Part of my therapy has been to exam all my relationships. Sometimes I waited too long to do so and to my detriment. Other times I could see immediately that something was amiss.

I had a friend like the one you mention. She was an odd gal but I didn't think anything of her behavior for a long time. As time went on her behaviors got worse. I realize now the relationship was a theme for all my relationships. The outstanding theme was abuse and neglect. My friend's abuse and neglect was subtle at first but more blatant later.

One incident which bothered me a lot: We arranged to meet for a late lunch. The time came and went and my friend didn't show up. I literally sat in my car in front of my house waiting for her. My house is a ways from the street and is well insulated against sound. An hour later I decided that she wasn't coming. She didn't call me. She didn't email me. She just never showed up. And this wasn't the first time. Before I would have called or emailed her. This time I decided to not pursue her. I waited.

Several days later she emailed me and apologized for missing our lunch date. I told her I had waited an hour in the car for her. Her reply, "you shouldn't have done that. Why didn't you just call me?" More like why didn't she call ME? Of course that never occurred to her.
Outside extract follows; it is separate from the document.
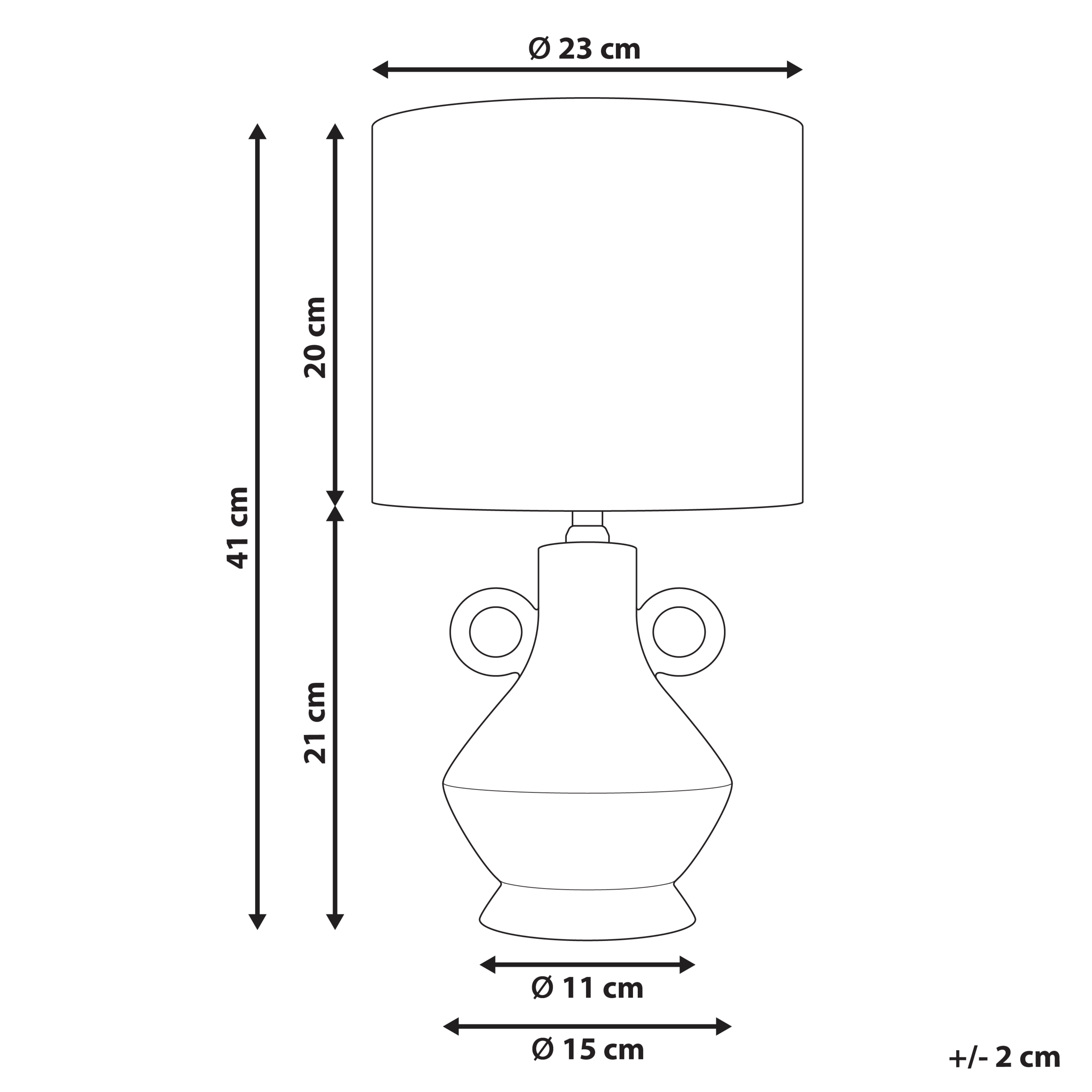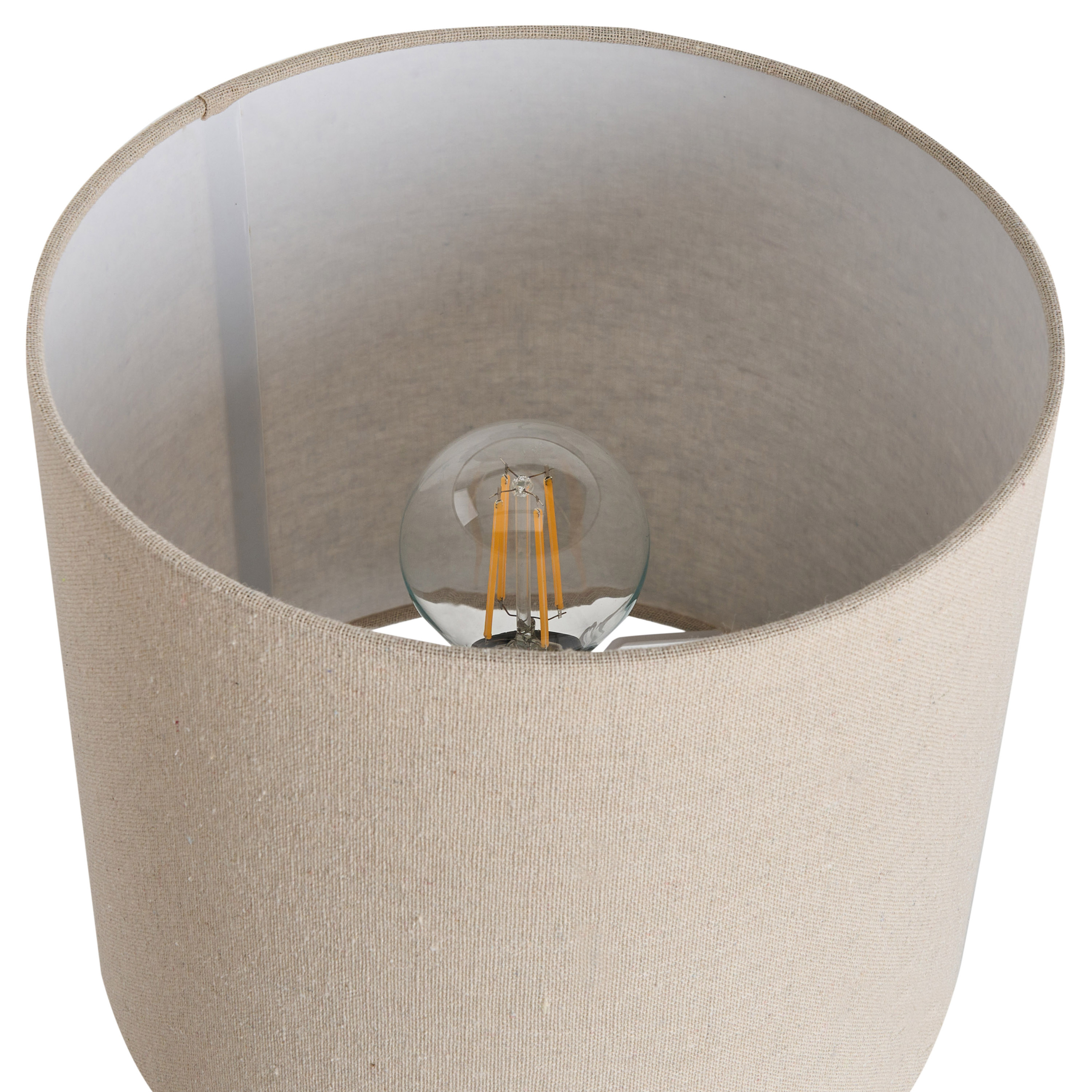 Klassinen pöytävalaisin. Lisää kotiisi omaleimaista charmia tällä tyylikkäällä pöytävalaisimella, joka sopii mihin tahansa huoneeseen. Keraamisessa rungossa on sileä viimeistely ja kaksi koristeellista kahvaa, jotka luovat kauniin kontrastin kangasvarjostimen punotun tekstuurin kanssa. Valaisin luo lämpimän tunnelman, joka sopii täydellisesti olohuoneeseen tai makuuhuoneeseen.

Apparently that would have been impossible since she later told me she went shopping just before our date. She said she lost all track of time and decided it was too late to meet with me. And apparently too late to call or email me as well. :x

They were many other incidents like this. It soon became apparent that she was N. This was shortly after I read the diagnostic sheet for NPD. I decided then to kick her out of my life for good. She was shocked. I was elated. And just like a N she rubbed my face in the break up saying how I was so screwed up and she was perfectly fine. Typical N.